一般病棟では、いろいろな状態の患者さんを看なければならず、
手術患者さん、透析患者さん、寝たきりの状態の患者さん、超急性期の患者さん、緩和ケアが必要な患者さんなどが混在していたので、
看護師は大変だったと思う。
(今では内科系、外科系に分かれたが、それでも完全に区別が出来ているとはいえない)
緩和ケアに深く関わりたいと思っていた看護師も、実際時間をとることができず、悩んだスタッフも少なくなかったのではないかと思っている。
ただ、緩和ケア病棟では、すべての患者さんが緩和ケアの提供を目的に入院しているので、
方向性は統一されている。(ただ、一般病棟に入院していただいている緩和ケア科の患者さんもまだ多い)

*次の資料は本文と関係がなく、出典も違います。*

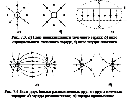 Саму же напряжённость следует заранее рассчитать, пользуясь уже рассмотренным принципом суперпозиции, применяя теорему Гаусса (о ней речь пойдёт позднее) и просто (если это возможно) заранее измерить с помощью соответствующих приборов. Электрическое поле можно отображать графически с помощью силовых линий. Силовой называется линия, касательная в каждой точке к которой совпадает по направлению с силой, действующей в электрическом поле на точечный положительный заряд, помещаемый в эту точку. Силовые линии начинаются на положительных зарядах и заканчиваются на отрицательных (или уходят в бесконечность). Очевидно, силовые линии не должны пересекаться, поскольку, если бы хотя бы пара линий пересеклась в какой-то точке поля, то в этой точке можно было бы провести две касательные (по одной к каждой линии), а, значит, однозначно определить направление действия кулоновской силы на помещаемый туда заряд было бы нельзя. Примеры картин силовых линий полей, создаваемых отдельными зарядами и системами зарядов, приведены на рис. 7.3 – 7.5.
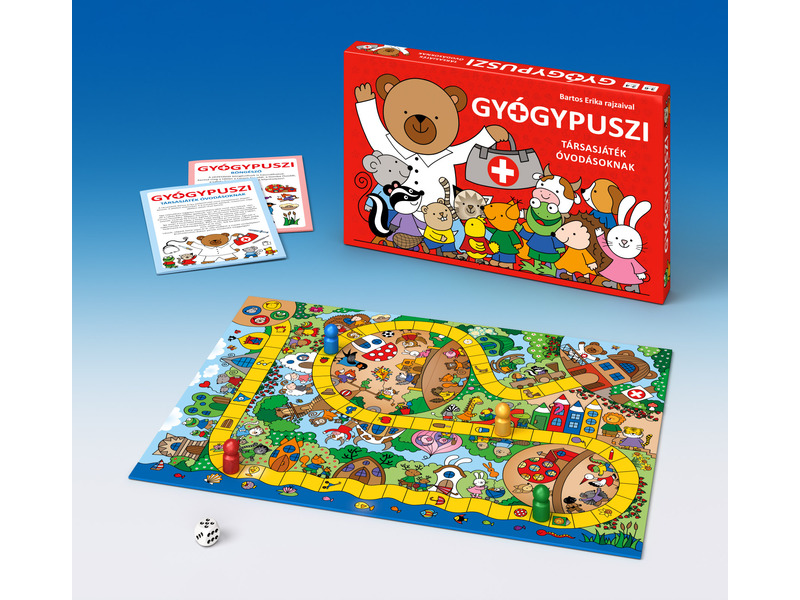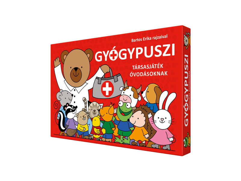 Fedezze fel a Gyógypuszi társasjátékot, ahol a kedvenc mesefigurák életre kelnek! Bartos Erika Gyógypuszi mesekönyveinek olvasói most játék formájában is találkozhatnak a szeretett karakterekkel. A játékban Brummbrumm doktor rendelőjébe érkező állatok – a cica, a béka, az egérke és a csibe – mind-mind megkapják a szükséges ellátást a gondos mackó doktortól. A Gyógypuszi játék nem csak szórakoztató, hanem oktató jellegű is, hiszen a gyermekbetegségeket bemutató mesekönyvek szellemében készült. A lépegetős társasjáték, amely az „Úton az oviba” klasszikus játékhoz hasonló, egy rendkívül látványos és részletgazdag játéktáblával büszkélkedhet. A játék során a gyerekek nem csak a figurák mozgatásával sajátíthatják el a sorrendiség és a számolás alapjait, hanem a böngésző/képkereső játékszabály révén fejleszthetik megfigyelőképességüket és kép-associációs készségüket is.
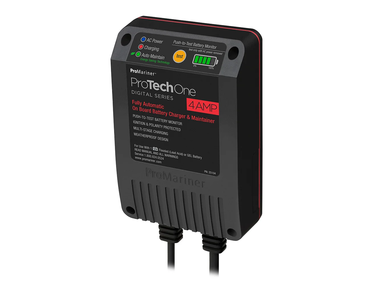 ProMariner’s ProTechOne Fully Automatic Onboard Battery Charger and Maintainer utilizes the latest in microprocessor and software control charging and energy-saving auto maintain technology. Safe for short and long-term storage with multi-stage charging, conditioning, and auto maintaining proved to maximize battery performance and life. Designed for weatherproof applications and years of trouble-free use, ProTechOne boasts a gasket molded case design for outdoor use with commercial-grade jacketed AC and DC cables for maximum cable protection and durability.
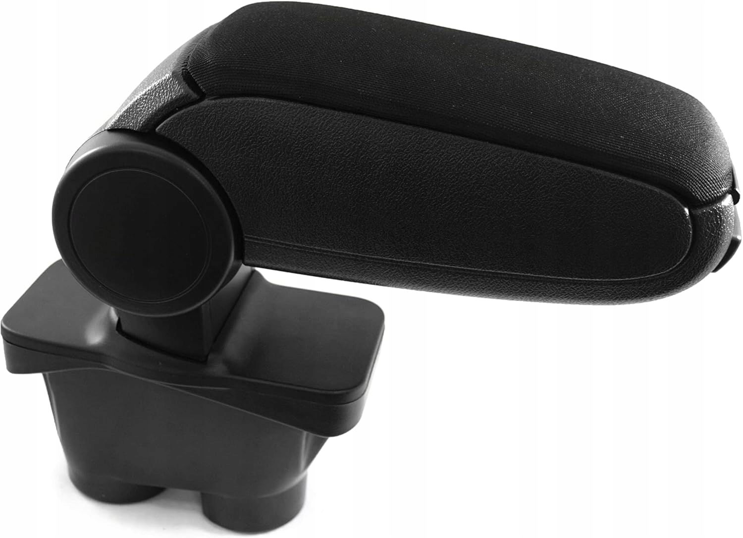 Schowek-podłokietnik do konsoli środkowej, czarny, wykonany z materiałów tekstylnych i tworzywa, pasujący do samochodów z lat 2012-2019. Wykonanie „plug and play” bez potrzeby wiercenia instalacji.
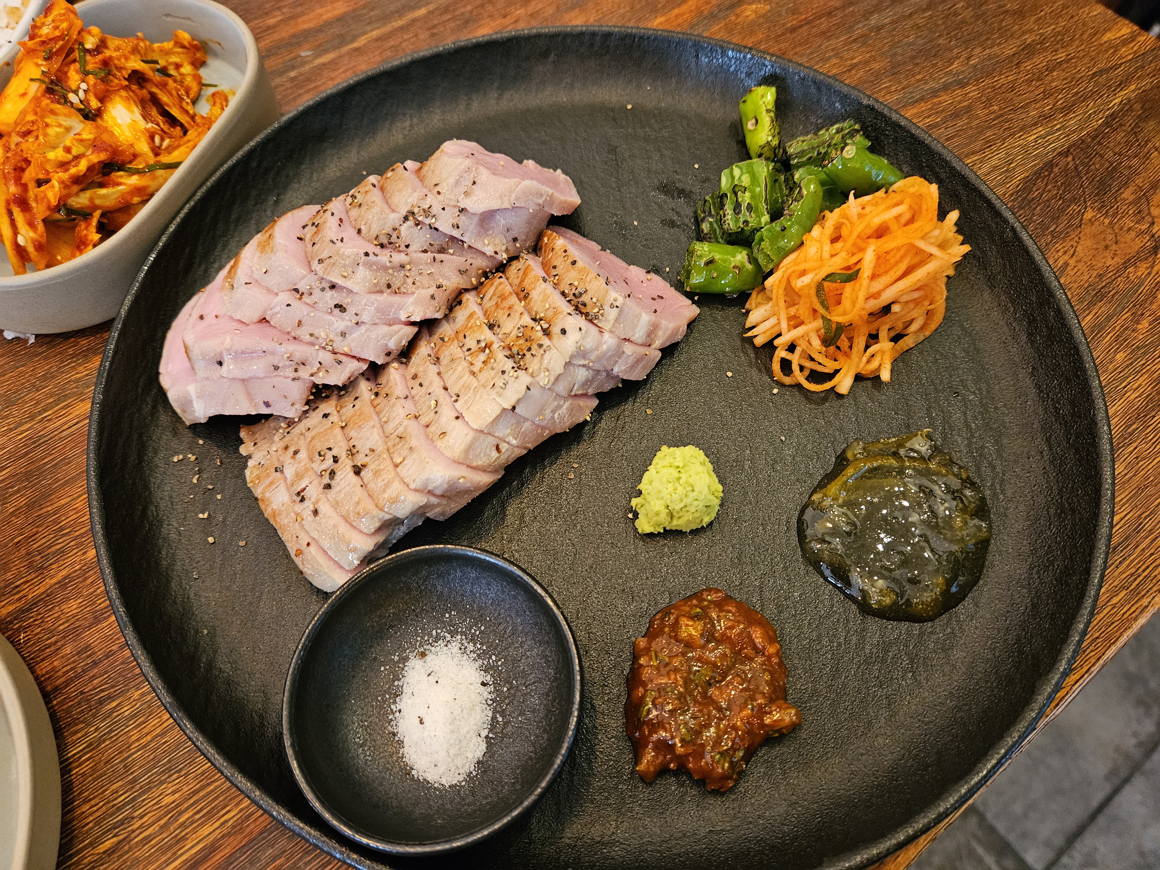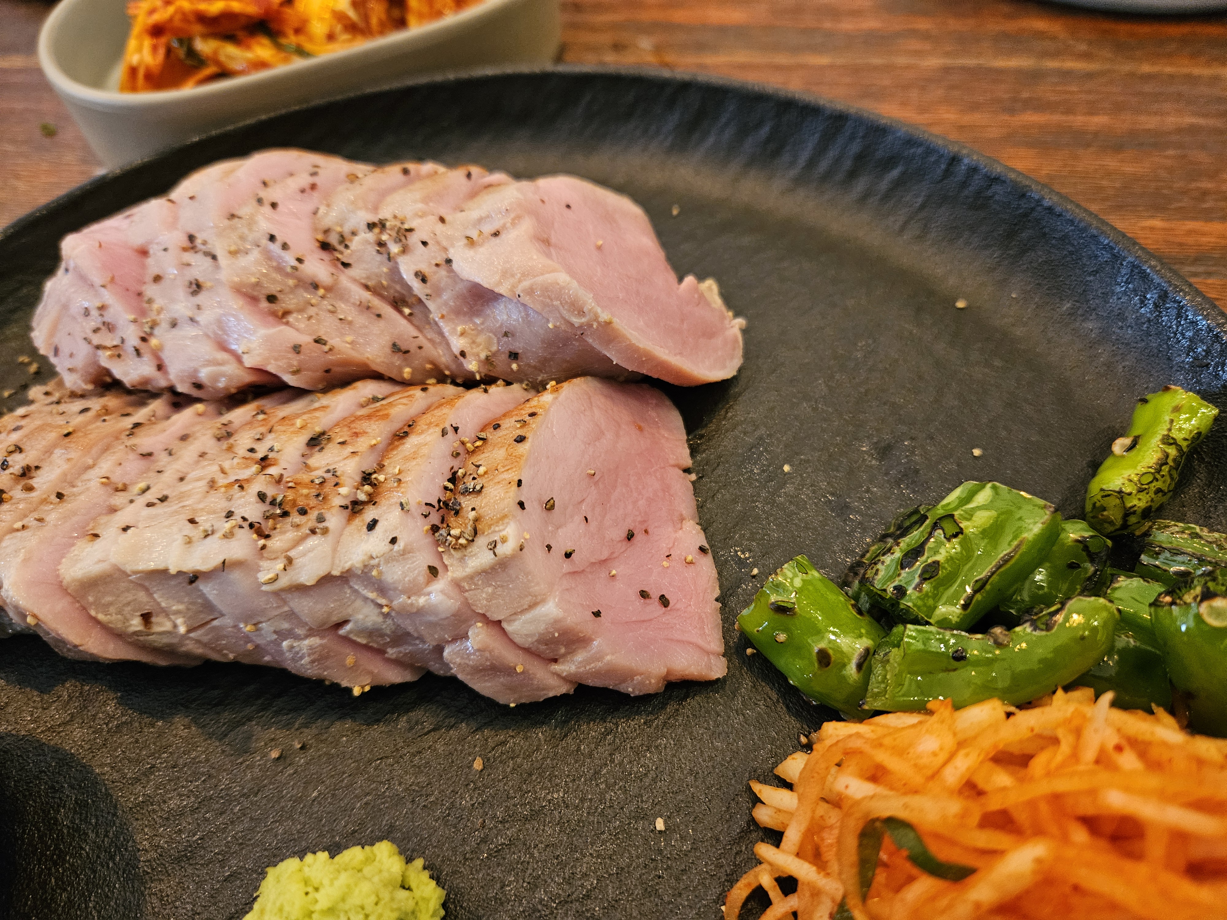 입에서 살살 녹는, 부드러운 식감이 아주 매력적인 수비드 안심 수육입니다.

また、病床数も16床(全室個室)と、一般病棟や、医療療養病棟に比べ、少ないせいもあるのか・・・
他の病棟の雰囲気に比べ、「静か」なことは、そんな病棟を目指していたのだが、実際、病棟にいて一番感じることだ。
「静か」というのは、別に、実際の音量(それもあるが)の大きさだけではない。
今は、すべての病棟、病院全体を、漠然としているが、「静かで落ち着いた雰囲気」にする事が必要だと思っているし、
自分にとって大きな課題でもある。
緩和ケア病棟のホールにはBGMが流れているし、ほのかにアロマの香りがしている。
新病院では声が意外に大きく響くので、患者さんからご指摘をいただくこともあるが、緩和ケア病棟では気になることも無い。
来週には、廊下の壁面に何枚かの絵画が飾られることになっており、自分でも楽しみにしている。
絵画は、なるべく落ち着いた雰囲気のものを、自分で選んだのだが・・・
将来は、「ミニギャラリー」のようにしたいとも思っている。